One - Aside from ensuring the floor is strong enough to support the weight of the tank, out of sunlight, and easy access to power and potentially plumbing - do you have any specific guidance you would have for a home design-builder to make an aquarium set-up more effective?

Two - When I meet with the fish stores, where would you focus your questions? For instance, is there much interest in having a cichlid aquarium that could be hard-plumbed (for either top-off or drainage)? Positioning of electrical outlets? Space within the cabinetry to exhaust heat?

My first time on this forum - so thanks all for your support.

David


----------



## Drake1588 (Jul 19, 2017)

Access to a water supply is handy as well. Pythons are good and all, but a 25 or 50 foot hose stretched through the house is a nuisance, plus emptying and rerolling the hose. So a drain installed nearby and access to a cold water source might come in really handy if it can be done without a huge amount of cost/dislocation.

I think you have the right mindset and questions to ask - all of it should be a focus. If they are hassled by you being thorough, they're the wrong people to install a tank into your home, period.


----------



## dcheney888 (Jul 30, 2017)

Thanks Drake.

The positioning of the aquarium will be against a wall where, on the other side, is a sink. I can python it there with about 10-15' of run. There is a wide range of advice on how often the water needs to be changed in a Mbuna tank, I guess partly driven by how overstocked the tank is to mitigate aggression.
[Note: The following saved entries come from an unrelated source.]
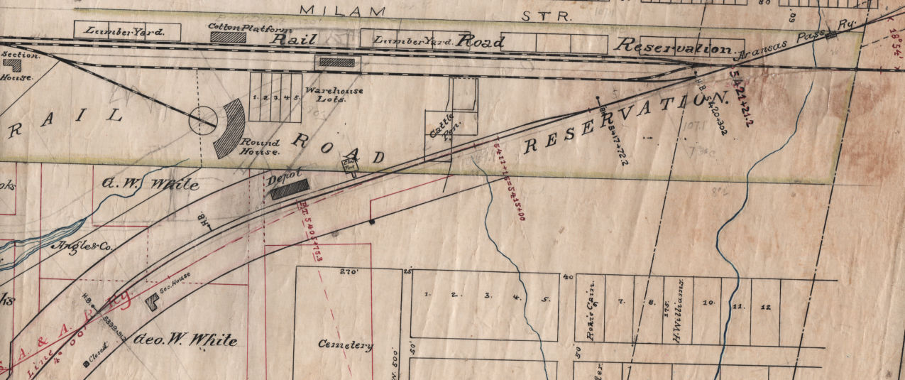 shows the SA&AP right-of-way curved to form an acute angle as it crossed the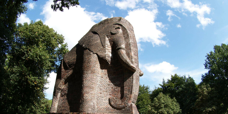 Backstein-Mahnmal in Form eines Elefanten erinnert an das koloniale Erbe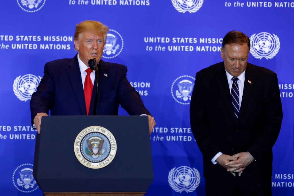 2019年9月25日,在美国纽约,时任美国总统特朗普(左)和时任国务卿蓬佩奥出席新闻发布会。(新华社记者李木子摄)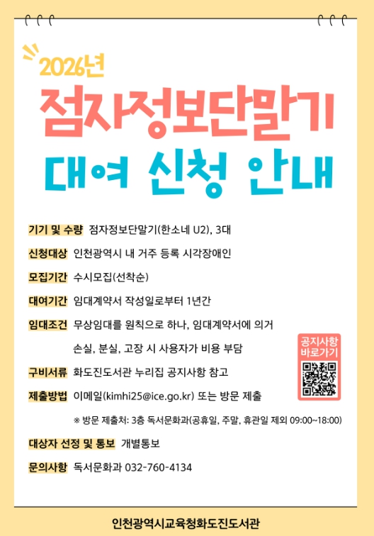 [파이낸셜경제=김기보 기자] 인천광역시교육청화도진도서관은 인천 거주 시각장애인을 대상으로 ‘점자정보단말기 무상대여 사업’을 운영한다고 9일 밝혔다.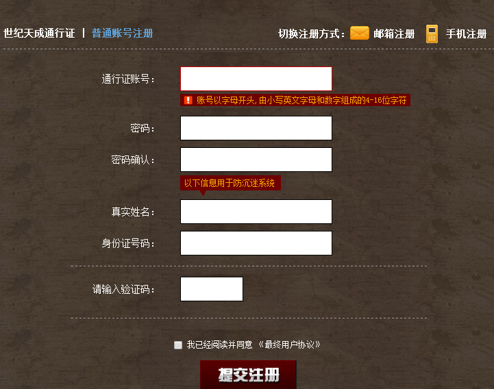 填寫真實信息以及賬號密碼即可注冊成功

If I do well with the hardscape, there should be enough natural hideouts that I wouldn't be overstocking. All that said, it would be a fairly low cost option to run a faucet line through the wall to an appropriate area tankside, and hopefully the drain would be the same.
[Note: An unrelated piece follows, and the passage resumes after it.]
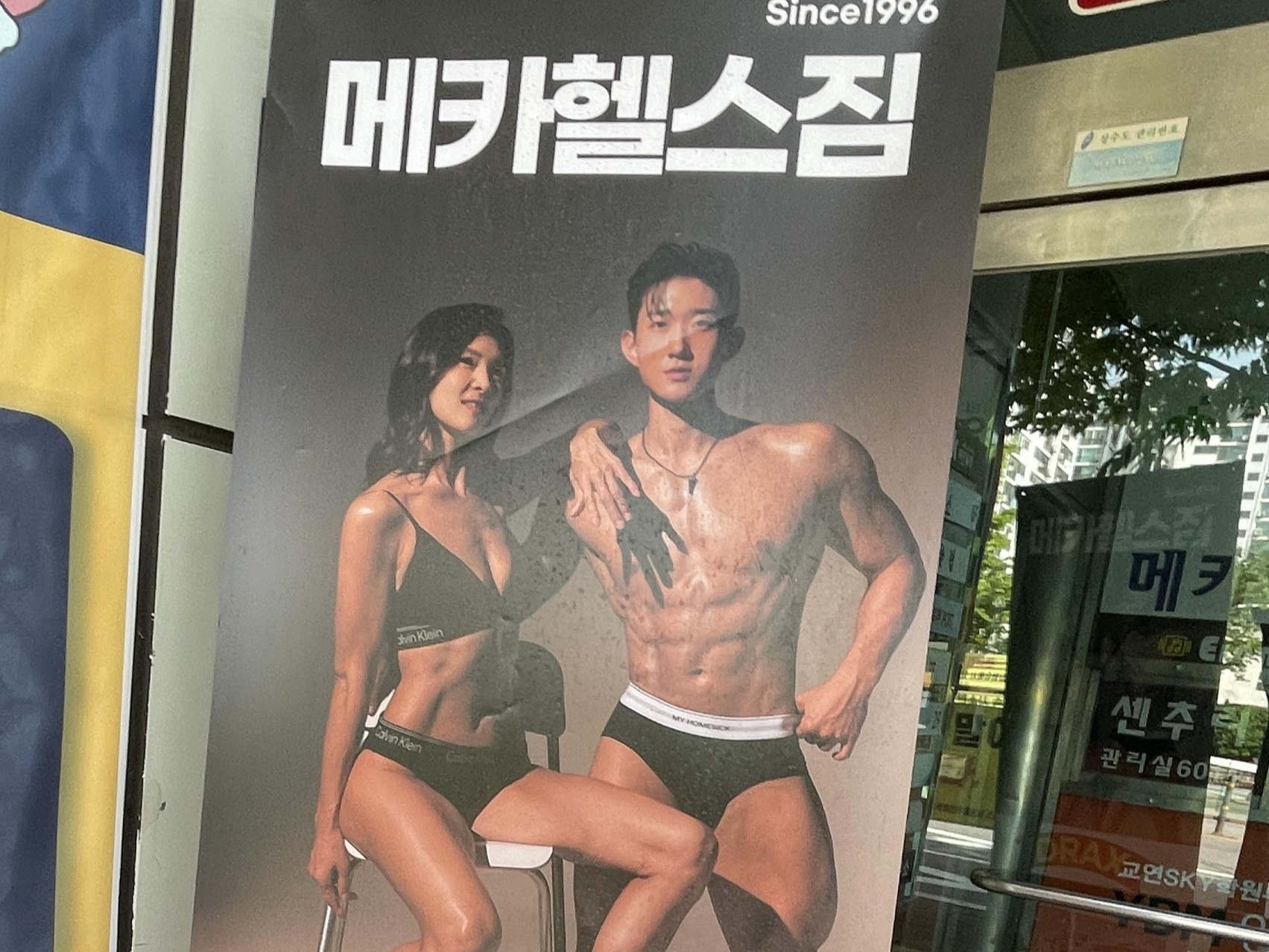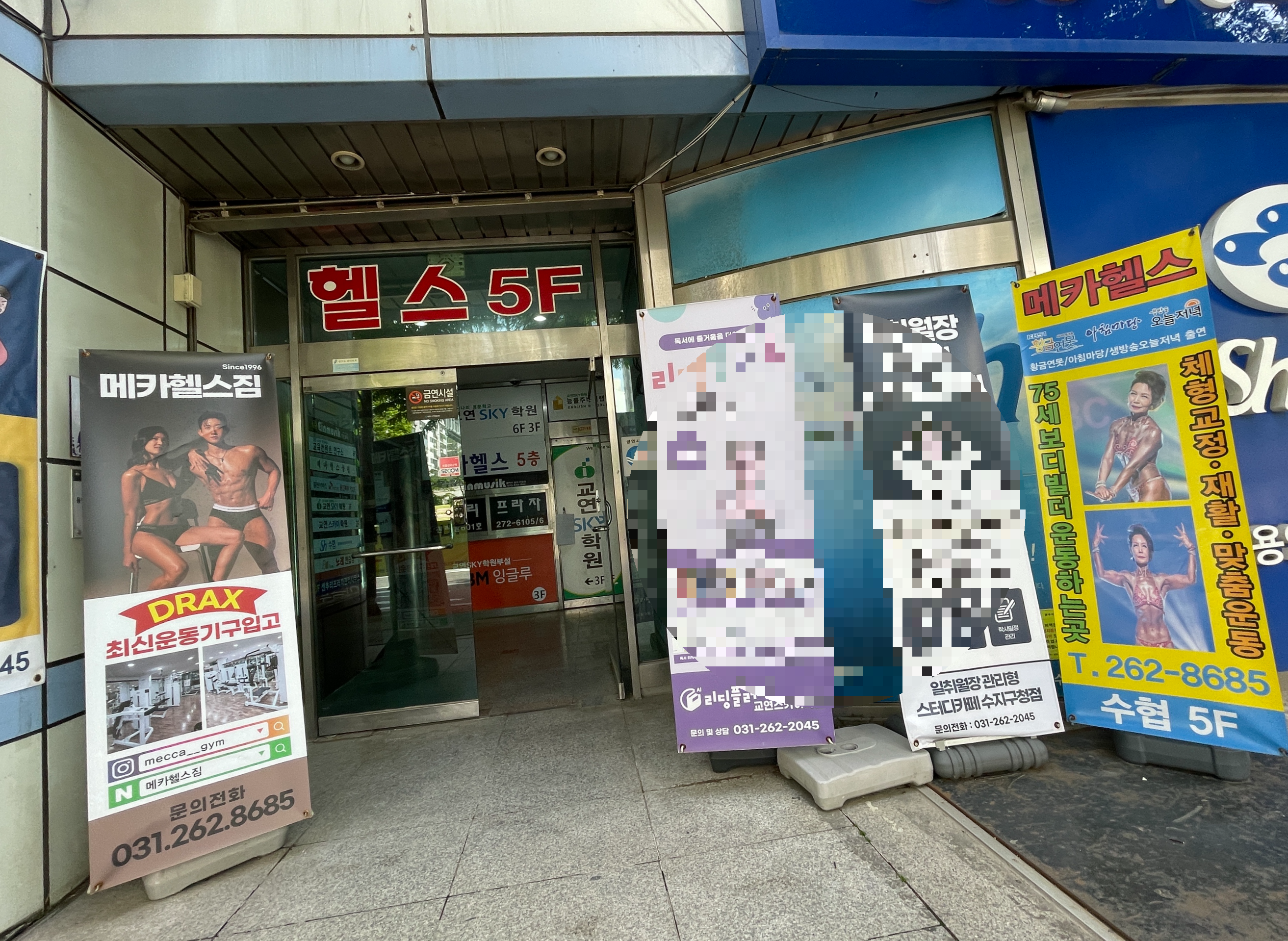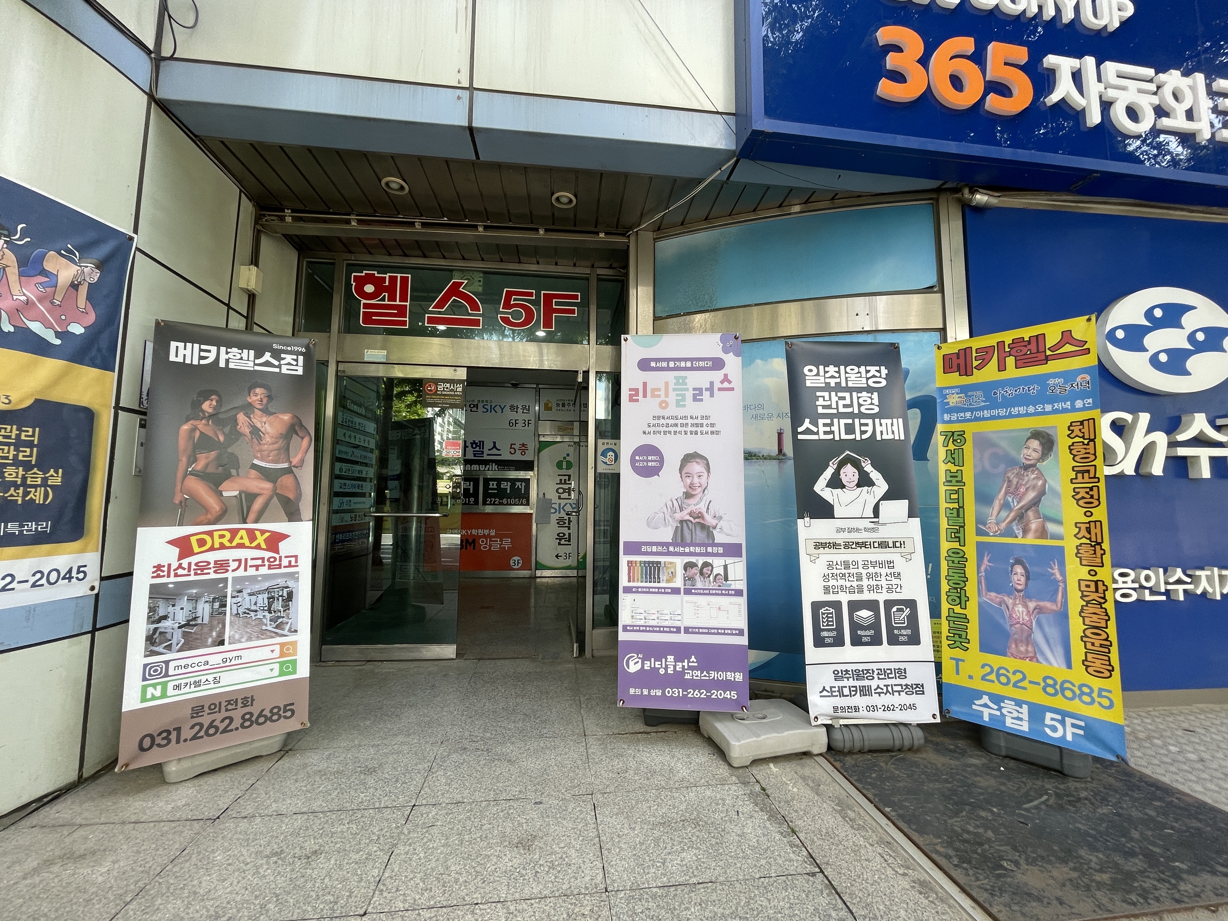 ● 버스정류장 쪽에서는 메카헬스짐간판이 없어요. 건물 들어가는 입구 문위에 헬스 5F 표시 있고, 메카헬스짐이라고 쓰인 광고가 두 개 보입니다.

One other quick question. I assume a single ~100 gallon tank is fine for Mbuna? I hope to have a robust enough hardscape that the ecosystem functions naturally (the cichlids will breed, there is space for the fry to hide, survivors make it and the balance don't). If that is the case, I don't see the value in having a separate tank for breeding.


----------



## caldwelldaniel26 (Jun 11, 2017)

Let nature take its course, if you're going to have mixed mbuna get a crew of synodontis lucipinnis, 5 or 6, to pick off the fry. You won't want them to survive if they're hybrids because a lot of time mbuna hybrids can be hyper aggressive and/or ugly as heck lol.


----------



## dcheney888 (Jul 30, 2017)

Thanks Daniel. I do plan to let nature takes its course. That said, I had thought if you had picked distinct enough mbuna species they wouldn't interbreed as long as I kept high female to male ratios. I clearly don't need hyper aggressive fish in the tank - had some challenges with my last marine tank.


----------



## Drake1588 (Jul 19, 2017)

That should be about an optimal tank size. I've found the key to allowing just a fry or two from some batches to make it to size is to provide some very small hidden crevices or pockets between rocks where the fry can grow if they get lucky enough to find it. A pile of 1-2" rock chips can work as well. I had small pile of marble chunks on the sand substrate and when I was doing a deep clean, found three -1/2" demasoni fry hiding out in it. Tiny crevices between the rock and sand can work too, assuming the larger fish can't dig them out. That's of course if you want them to gradually increase their numbers.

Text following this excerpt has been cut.